The weight (kg) of patients decreased significantly at 1 month from 83.3 ±15.9 to 80.5±15.5 (*p*=0.010), 3-5 months from 84.9±15.1 to 82.±15.7 (*p*<0.001), and >6 months from 83.4±13.9 to 79.4±12.8 (*p*<0.001) after the start of empagliflozin treatment. Low-density lipoprotein (LDL) levels decreased significantly from 2.53±0.91 to 2.36±0.84 (*p*=0.011) at 3-5 months after the initiation of empagliflozin treatment but increased non-significantly from 2.55±0.77 to 2.6±0.87 (*p*=0.584) at 6 months after starting empagliflozin. Triglyceride levels did not decrease significantly at any follow-up point.

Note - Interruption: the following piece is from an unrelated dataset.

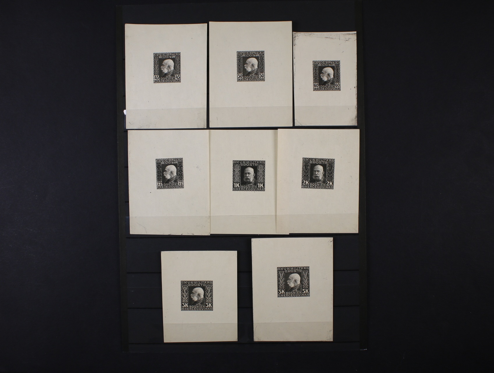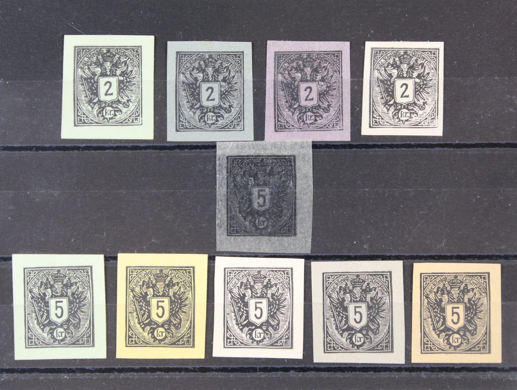 sestava 10 ks nátisků "Andrucke" ZT zn. 2kr a 5kr dvouhlavá orlice z r. 1883 na různých papírech v černé barvě

Although serum creatinine levels were consistently higher than pretreatment levels, they gradually declined over time, from 87.4±31.78 (0.105) to 78.3±27.4 (0.033). The UACR ratio decreased significantly from 123.86±348.6 to 91.87±226.3 (*p*=0.043) at 3-5 months and from 133.4±391.8 to 71.9±169.3 (*p*=0.022) at 6 months after starting empagliflozin. Glycated hemoglobin level (HbA1c%) decreased significantly from 9.0±1.72 to 8.5±1.4 (*p*<0.001) at 3-5 months and from 8.8±1.5 to 8.3±1.3(*p*<0.001) at 6 months after starting empagliflozin. Systolic (*p*=0.045) and diastolic (*p*=0.002) blood pressure decreased significantly 6 months after empagliflozin treatment (Table 2).

View this table:
[Table 2](http://smj.org.sa/content/44/7/674/T2)

Table 2 
- Comparison of metabolic and renal outcomes of empagliflozin in patients with T2DM at different follow-up periods.

## Discussion

The current study adds to the literature concerning the benefits of empagliflozin in weight reduction, both systolic and diastolic blood pressure lowering, short-term decrease in LDL and HbA1c levels, and improvement in renal outcomes.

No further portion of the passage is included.